Have you experienced a telehealth visit since the COVID-19 pandemic hit? Chances are the answer is “yes.” That has certainly been true in my case.
During yesterday’s first-ever “36|86 Entrepreneurship Festival” delivered virtually, Vanderbilt University’s Larry Van Horn previewed an afternoon session focused on telehealth or telemedicine, depending on your preferred terminology, with some very interesting statistics. He’s an Associate Professor of Economics and Management at Vanderbilt University and a leading expert and researcher on health care management and economics.
Having been involved in an early telehealth initiative nearly three decades ago that involved the University of Tennessee Medical Center, it’s a topic that has always been of interest to me. More recently, we spotlighted the very positive impact that COVID-19 had on Anytime TeleHealth Inc., the parent of Anytime Pediatrics, in this teknovation.biz article.
Here are the statistics that caught my attention.
- Prior to March 15, there were seven million weekly in-person visits to physicians’ offices and almost zero telehealth visits outside the Teladoc Health scope. By mid-April, in-person visits dropped to a little more than a third of that number – 2.5 million, while telehealth jumped to one million a week.
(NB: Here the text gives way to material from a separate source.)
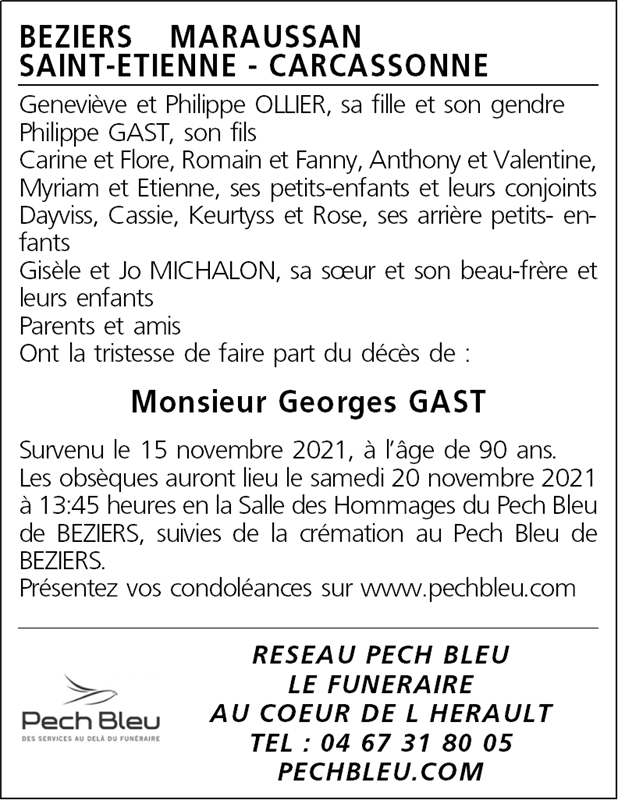 Décédé à Maraussan (34370, France) le lundi 15 novembre 2021 à l'âge de 90 ans

Those numbers have now stabilized for telehealth at about 500,000. That said, at its peak, the increase in usage was 80X.
- Who is using telehealth? The answer is women.
- Roughly 90 percent of the visits are between providers and their established patients.
- The Northeast section of the U.S. has a more robust percentage of users with Rhode Island leading the country.
- Many have suggested that telehealth is a solution for access for individuals in rural areas, yet Van Horn showed statistics noting that the technology is actually being used more in urban areas.
- Not surprising, the specialties that are seeing the highest rate of use are internal and family medicine, psychiatry, and pediatrics.
In a follow-on panel, Amber Humphrey, Director of Telehealth at Vanderbilt, said the medical center went from 10 direct telemedicine visits a day before the novel coronavirus to 2,000 a day at its peak.
“This is one of the most interesting outcomes of the COVID-19 pandemic,” said Van Horn.